Unsurprisingly after all that, yesterday’s annual results — featuring an £131m loss, eight per cent slump in deposits, and cuts to its expansion plans — made for pretty grim reading.
Shares slumped to an all-time low. But the famously dog-friendly challenger bank’s problems run even deeper than this series of calamities: it isn’t challenging the incumbents in the right place.
Metro Bank was founded to revolutionise high street banking, taking on the Big Four lenders with improved customer service and longer opening hours. But, thanks to the well-documented collapse in footfall and stiff online competition, the high street it set out to shake up no longer exists. Instead, incumbents and high street challengers alike are battling to make a profit amid squeezed margins and years of low interest rates.
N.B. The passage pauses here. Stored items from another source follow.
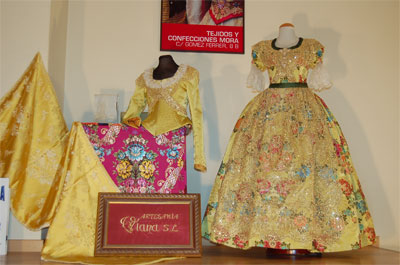 Los responsables de la confección han sido Indumentaria Valenciana Mora. La empresa torrentina, ha contado con la colaboración de firmas de primera línea en el sector de la indumentaria valenciana como son Vives y Mari para las telas, Artesanía Viana en las manteletas, y las medias de la mano de la artesana Elvira Bella.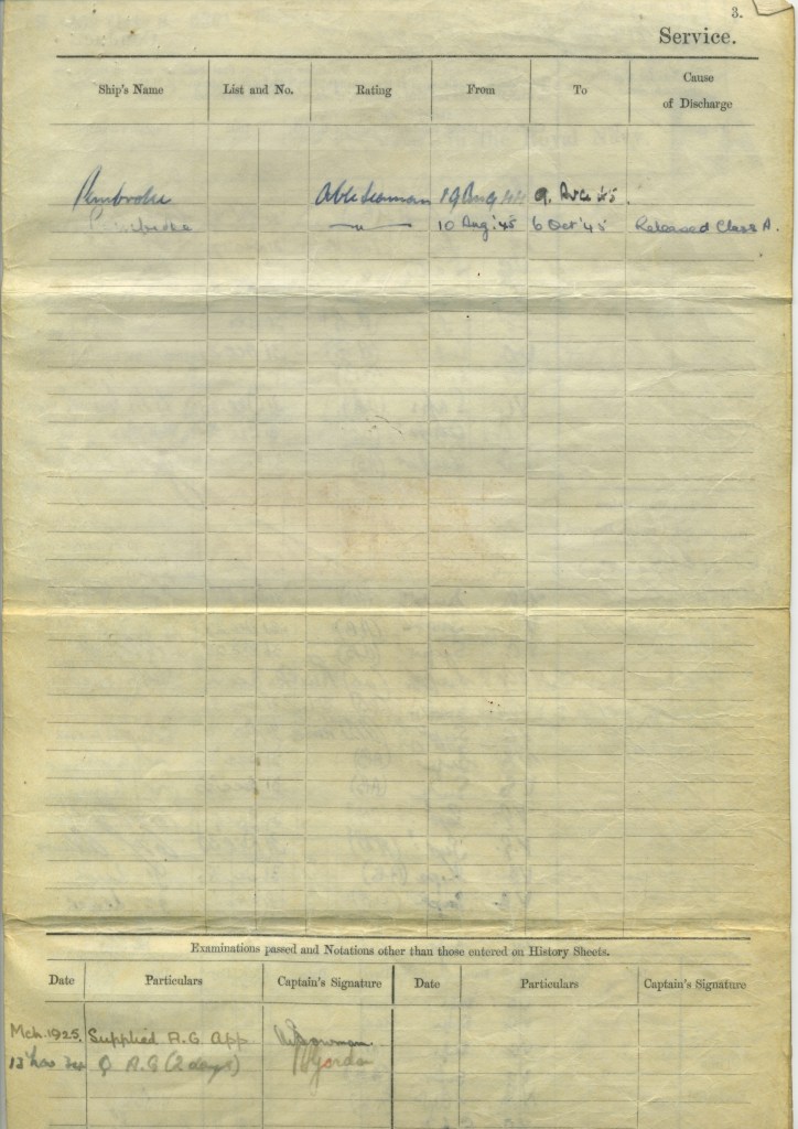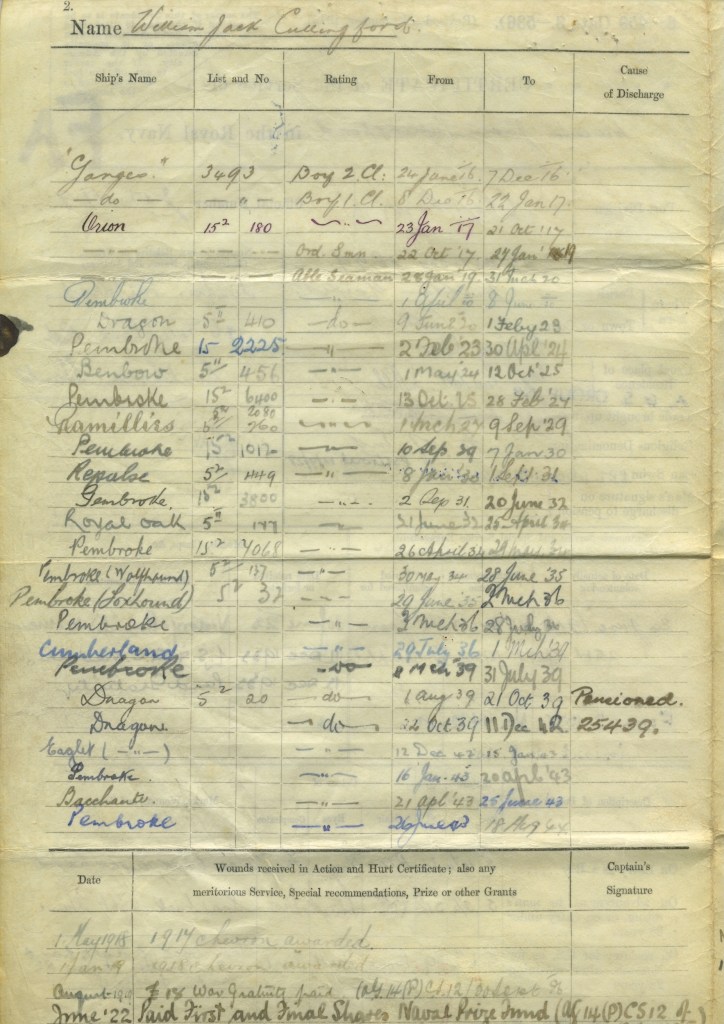 Extract from the Royal Navy Service Record for William Jack Cullingford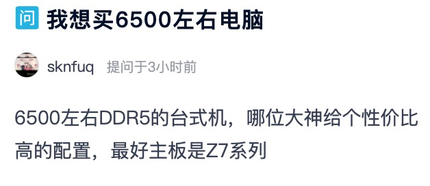 6500元,这可能是个再普通不过的装机预算了,但是一旦加上了啥附加要求,那可能就有点说不准了,例如我们在后台收到下面这位网友的提问,要支持DDR5内存,最好是Z7(90)。那这问题就来了,大品牌的Z790主板价格非常的感人,如果选了Z790在预算内可能就买不到能好好玩游戏的显卡了。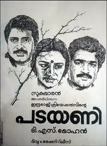 Padayani is a 1986 Indian Malayalam-language thriller film written and directed by T. S. Mohan and produced by Sukumaran. It stars Mammootty, Mohanlal, Shobhana and Devan. The film features music composed by A. T. Ummer.[1][2] Ramesh, Sudhakaran and Rajasekharan are long-lost friends, who reunite to take revenge against the evildoer in their lives. The film was the debut of Indrajith Sukumaran, who plays the younger version of Ramesh (Mohanlal).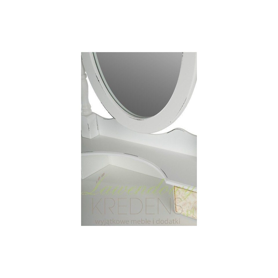 Toaletka prowansalska jest wyróżniającym się elementem wystroju kobiecego wnętrza – wzbudza zainteresowanie gości i jest niczym magnes dla kobiet. Na co dzień posłuży najczęściej jako miejsce do makijażu i kreowania stylizacji. Toaletka w stylu prowansalskim została wykonana z drewna i pomalowana na biało. Poza dwiema dekoracyjnymi szufladami we wzory, toaletka posiada atrakcyjne rzeźbienia i wygięte nogi. Polecamy kolorowe meble w stylu prowansalskim!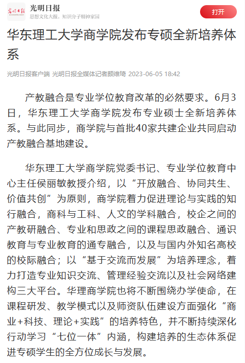 【光明日报客户端】华东理工大学商学院发布专硕全新培养体系

Just a few hours after the release of Metro Bank’s results, Lloyds said it will cut 780 job across its UK branches, blaming declining demand for high street banking, and Virgin Money announced the loss of 22 branches and 500 jobs.
While both Lloyds and Metro Bank have ruled out branch closures for now, the latter will dramatically cut the pace of new openings, and both lenders are ultimately heading in the same direction.
Now, the industry’s fiercest challengers are nimbler digital-only competitors, who can offer technological innovation and better user interfaces than their more established counterparts. Digital banks operating in the UK almost trebled their customer base in 2019, edging towards 20m global users.
While many fintechs come with their own profitability challenges, the success of firms like Revolut — which this week became the joint most valuable fintech startup in Europe, with a new $5.5bn valuation — shows that online competition isn’t easing off any time soon.
Analysts now suggest Metro Bank may have to sell off part or all of its business to secure its future, but chief exec Dan Frumkin insisted yesterday the bank is “here for the long term”. Metro Bank must move on from its annus horriblis, and quickly.